For many reasons, I have been captivated by Clarence Darrow for over a year or more now. I narrowly missed reading about him when I first came to know of the Leopold and Loeb case after watching Hitchcock’s Rope. But, fortunately, I came across him on two separate occasions :

1. When reading Inherit the Wind, the play that denounces McCarthyism under the context of a trial on the controversial Theory of Evolution.

2. When looking up racism and miscarriage of justice in law,

1 , of course, is a liberal dramatization of the Scopes Monkey Trial.

2 lead me to the Sweet Trials.

1 and 2 both lead me to Clarence Darrow. I discovered that these two trials, involved the same lawyer who saved Leopold and Loeb from the gallows. I dug a little deeper into the sensational Chicago trial (technically a ‘hearing’ as Leopold and Loeb pleaded ‘Guilty’ at Darrow’s insistence). In the process, I was completely and entirely bowled over by Clarence Darrow. This man is one of the rare manifestations of kindness – “an all encompassing kindness for humanity” is how Leopold described him.
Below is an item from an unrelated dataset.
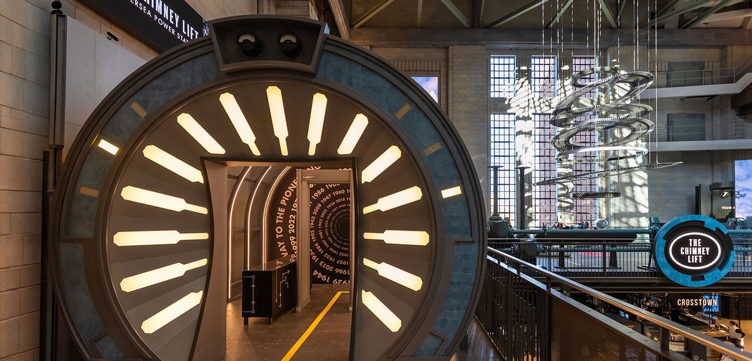 Your Chimney Lift journey begins at iconic Battersea Power Station's Turbine Hall A in The Gallery, discovering the fascinating history of this Grade II listed Art Deco wonder; including original records, a recreation of the architect’s office and details on its modern-day transformation, setting the scene for the next chapter of your Chimney Lift experience.

His 12 hour plus closing statement during the sensational hearing moved me even after 70 years, just like it did to all those people in the court room. This man attributed the blame to everybody, including Nietzsche, for the duo’s crimes, but he didn’t diminish their moral responsibility.

His Sweet Trials defense was more powerful. The whole Sweet saga is one of maddening racism and injustice. There was only one man between the jury of 12 white men and Henry Sweet. That was a 63 year old man who believed in human goodness. Darrow had moral courage to stand up and defend what he believed was just. And he did it not just for the money or for justice or a sense of duty towards society. It was something more – perhaps because his “all encompassing kindness for humanity.”

Not enough books are written about him outside the law circle, and his autobiography is out of print.

If I had met him, I would have kissed his hand. For being the brilliant spark of conscience he was for us.